Calculates the Bank of Spain that the impact of the Palestinian conflict is limited to just six dollars of increase in the price of oil and 10 dollars in the case of natural gas. Nothing that cannot arise from a bad week in the market (let’s say a storm in the Gulf of Mexico) or the statements of a minister from a producing country. All in all, Brent is the main vector of contagion in the Middle East tinderbox, or at least it is what the market has taken for granted for the last 50 years; specifically, since the Yom Kippur War and the oil embargo.
The data contrasts powerfully with the concern about the extension of the conflict. “The risks to financial stability derived from geopolitical tensions, which were already high, have increased with the appearance of a new source of tension in the Middle East,” explains the Bank of Spain in the same report in which it estimates the impact on prices. In this same line, Jamie Dimon, president of JP Morgan, expressed it clearly. “What worries me most is the geopolitical situation, whose effect on the economy we do not know.” […] We have already faced inflation, deficits and recessions before, but we had not seen something like this since World War II,” he said in an interview with CNBC prior to the Hamas attack on Israeli territory.
It’s not the only one. Pandemic, war and inflation have moved business pillars with unknown speed, extent and virulence. Entire sectors have been devastated by rising costs or a collapse in demand, others have made a fortune with profits that fell from the sky (energy, banking with rising rates) and the vast majority have had to rethink (necessarily or not) their supply policies. According to an EY surveyalso prior to the Gaza crisis, 78% of CEOs expect geopolitical tensions or conflicts to have a monetary impact on their organizations.
In a similar survey carried out by KPMG, geopolitics and uncertainty were the main risk to the growth of their business, whether due to the presence of a company in a conflict zone or the interruption of supply chains and the management of price fluctuations. “CEOs have understood that geopolitical risk is not just a short-term consideration,” the consulting firm emphasizes. In the same 2022 survey, political instability was the seventh risk to consider. Earnings season is corroborating the growing concern of top executives. According to Bloomberg, Air France, Accor, Baker Hughes, Intel, Mastercard, Japan Tobacco, Porsche and Whirlpool have cited geopolitics as a risk factor in their business.
The transversality should not be surprising; No matter how promising a sector is, no one is safe from the elements. Ask the wind turbine manufacturers. On paper, one of the big winners of an energy transition that would multiply installed wind power. The premise has been fulfilled, and the sector’s order book is overwhelming. But the three European leaders (Vestas, Siemens and Orsted) have severe financial problems. Each with its particularities, but with a common denominator: the inability to pass on extra costs to its clients.
Given the business conditions (high initial investment, low operating costs and a predictable flow of energy production), the promotion of wind farms is relatively easy to finance, as long as the initial price is fixed. A fact that leaves the risk of cost overruns in the hands of manufacturers already stressed by Chinese competition and rising interest rates. The sharp rise in raw material prices as a result of the war has depressed the margins of this theoretical winner of the energy transition. It is very significant that the Danish company Orsted, which has already announced extraordinary losses of 2,000 million due to cost overruns and rate increases, has given up on two offshore wind projects in the United States as a way to try to protect margins.

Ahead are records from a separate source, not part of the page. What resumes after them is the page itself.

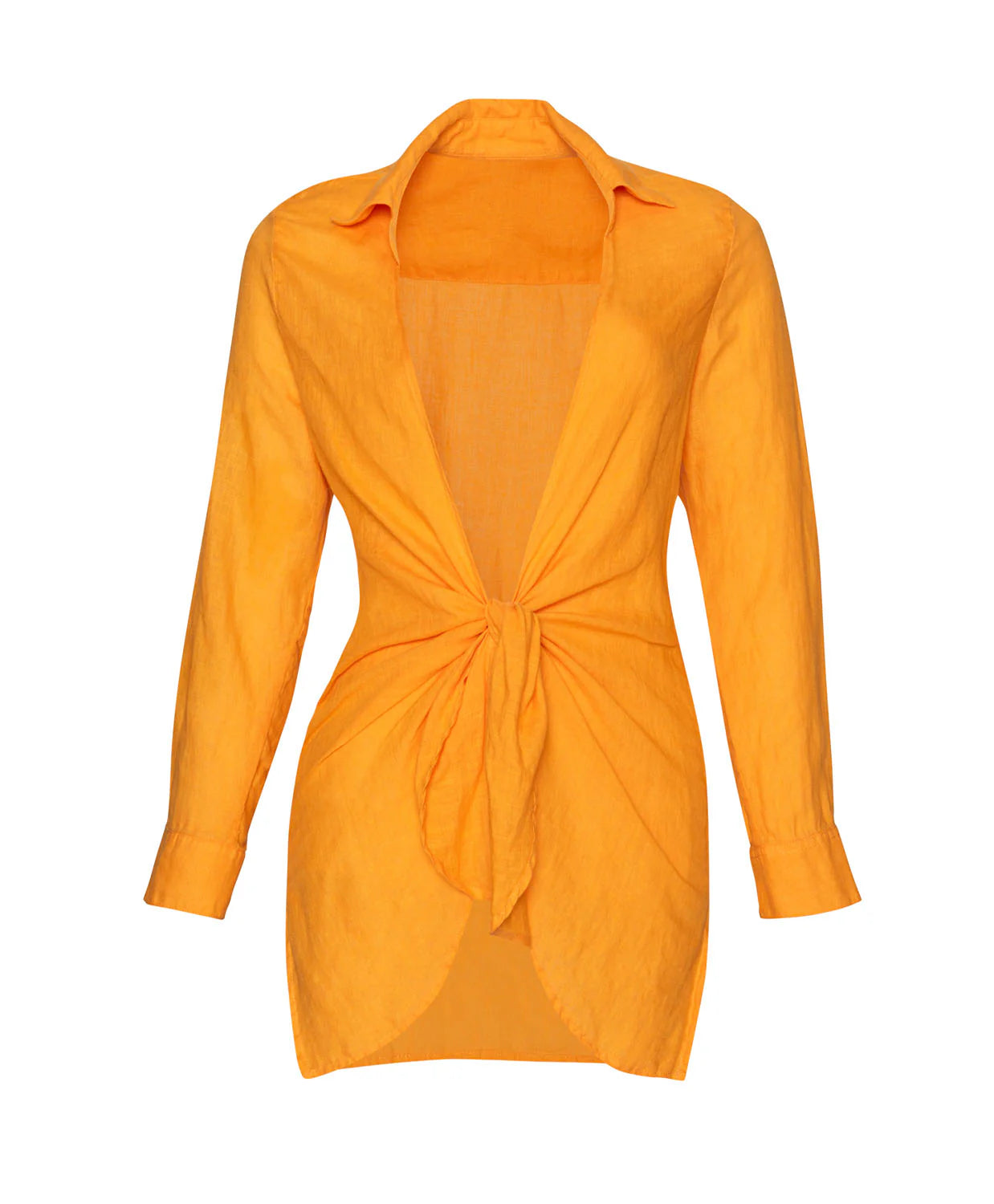 Introducing our Millie Tie cover-up, now in Mango for a vibrant update. This piece reimagines the timeless menswear-inspired shirting silhouette with our soft, luxurious linen. Featuring a convenient tie closure, it's the epitome of effortless beachside chic. Perfect for those seeking a blend of comfort, elegance, and easy style in their beachwear.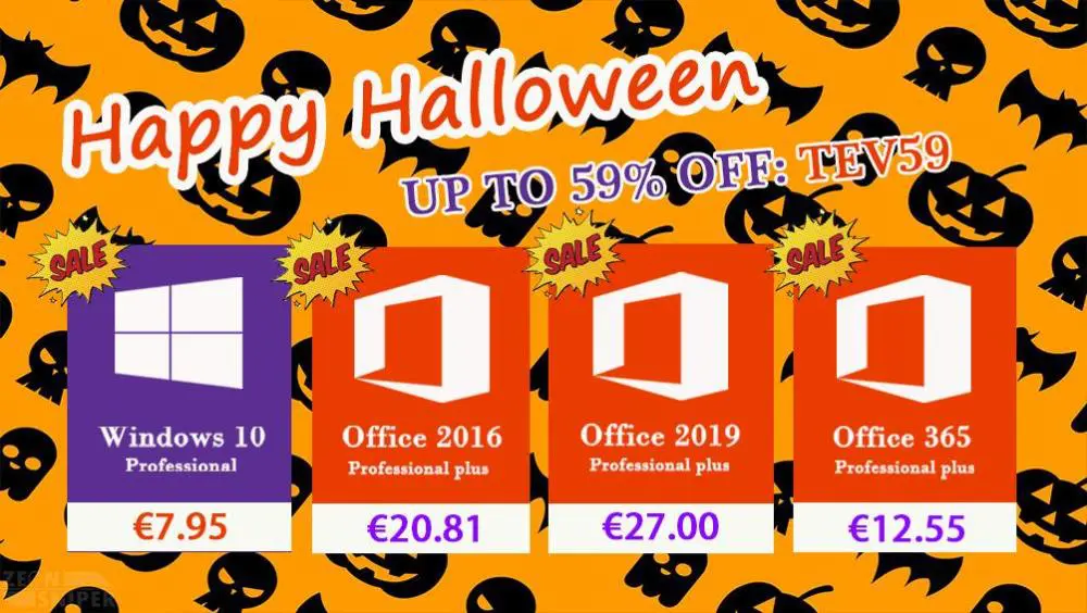 Happy Halloween με προσφορές σε Windows 10 Pro με €7.95 και Office 2016 Pro €20.81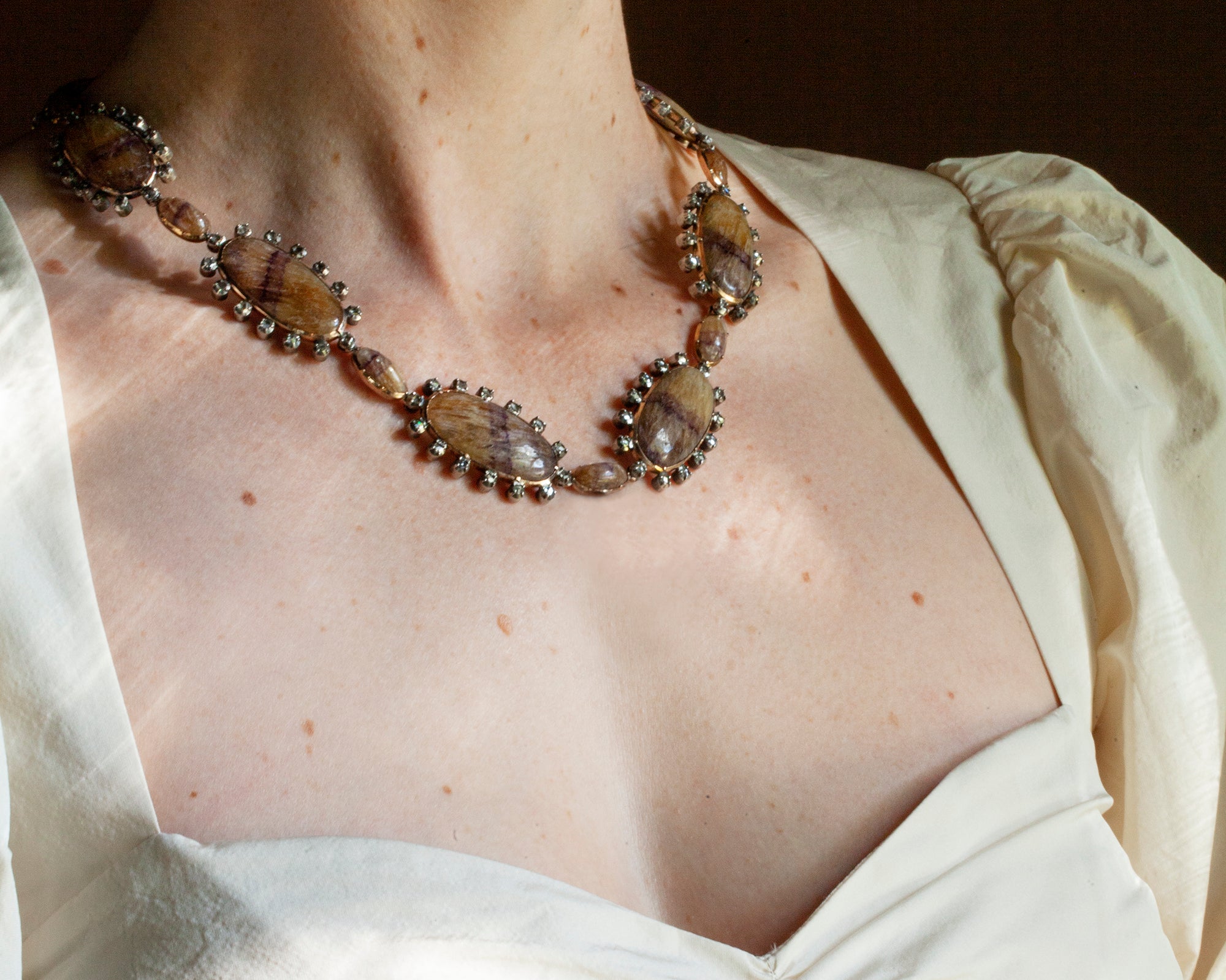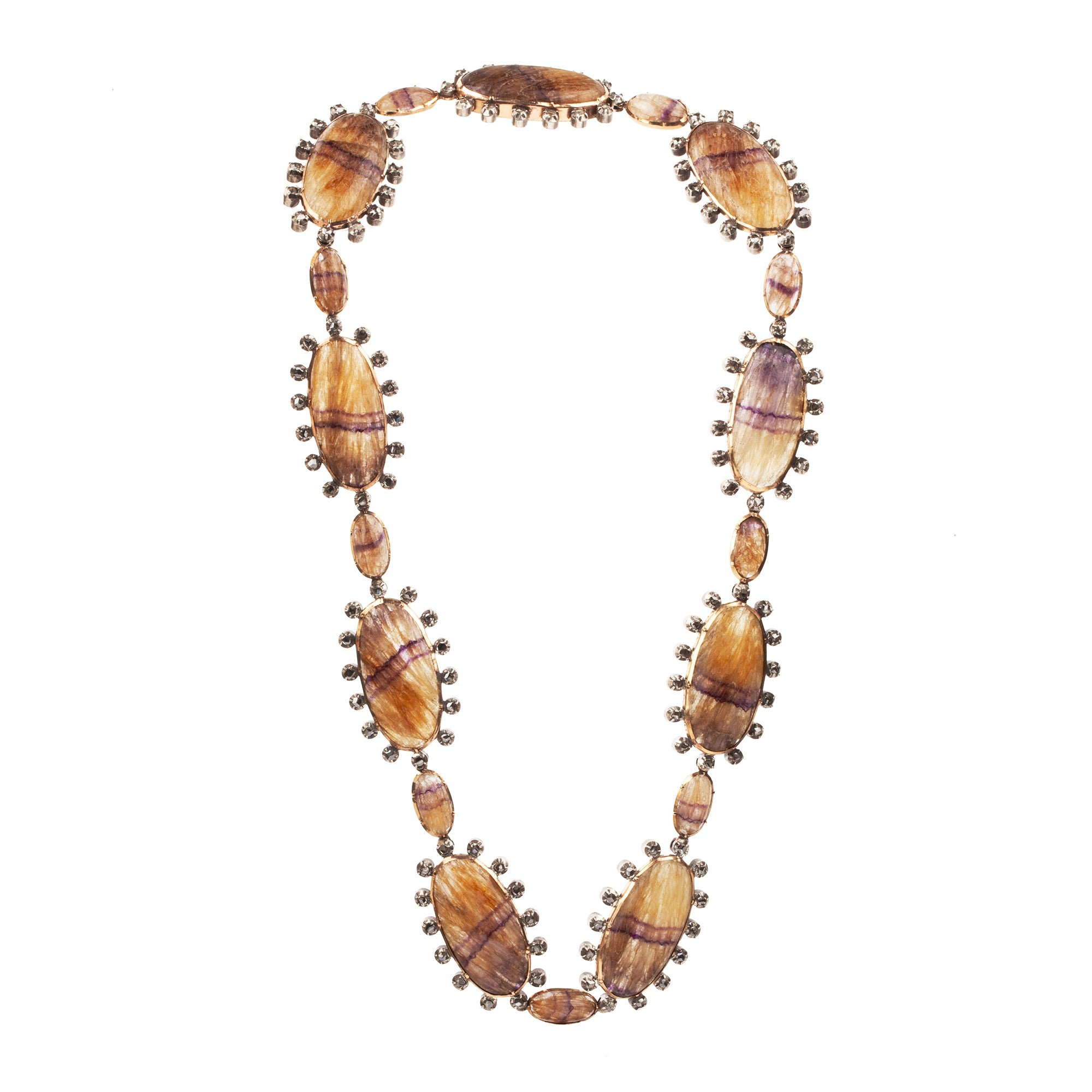 Rare Blue John stone necklace with rose cut diamonds set in silver and gold. A uniquely colored variety of fluorite, Blue John is the rarest gemstone found in Britain. In all the world it is found in one single location, a legendary cave in Derbyshire, England. The stone has been prized for its beauty since Roman times. For centuries the stone has been exported to continental Europe for jewelry and decorative art design. Hallmarks indicate this necklace is Portuguese in origin.

That the European Union is working on measures to promote the wind industry in the face of Chinese competition, including the investigation of possible anti-competitive practices, shows that the path of geopolitics is a two-way street. In the same way that the American Inflation Reduction Act has altered investment preferences for European companies. Along the way, Orsted has left 80% of its value on the stock market since the highs of 2021.
It is not, then, about posing geopolitics in terms of the imminent destruction of the world as we know it, but in the German term used by Olaf Scholz a few days after the Russian invasion of Ukraine: Zeitenwende, a turning point. history after which the world would never be the same. The chancellor, in this historic speech in the Bundestag, referred to the rise of totalitarian regimes such as the Russian one, but the speech modified Germany’s foreign policy and, with it, the energy mix that had provided cheap energy to German industry.
Disconnecting investment from geopolitics seems, in this context, somewhat naive. But the financial world remains faithful to its old ways: gauging whether a point more or less in the reading of this or that PMI index implies a greater or lesser probability that interest rates will fall sooner than expected by the majority market consensus. . Perhaps it is the way to manage uncertainty; looking for predictability where there is none. Or perhaps it is the opposite and, after all, geopolitical events can be interpreted as natural catastrophes against which one cannot protect oneself eternally.
In any case, if one thing is clear, it is that in the last four years geopolitics has mutated rapidly, and that these changes have brought profound economic consequences. Configuring the portfolio based on a single risk does not usually lead to optimal results (other parallel risks are usually ignored), but ignoring this factor is, to a large extent, living in a world that no longer exists.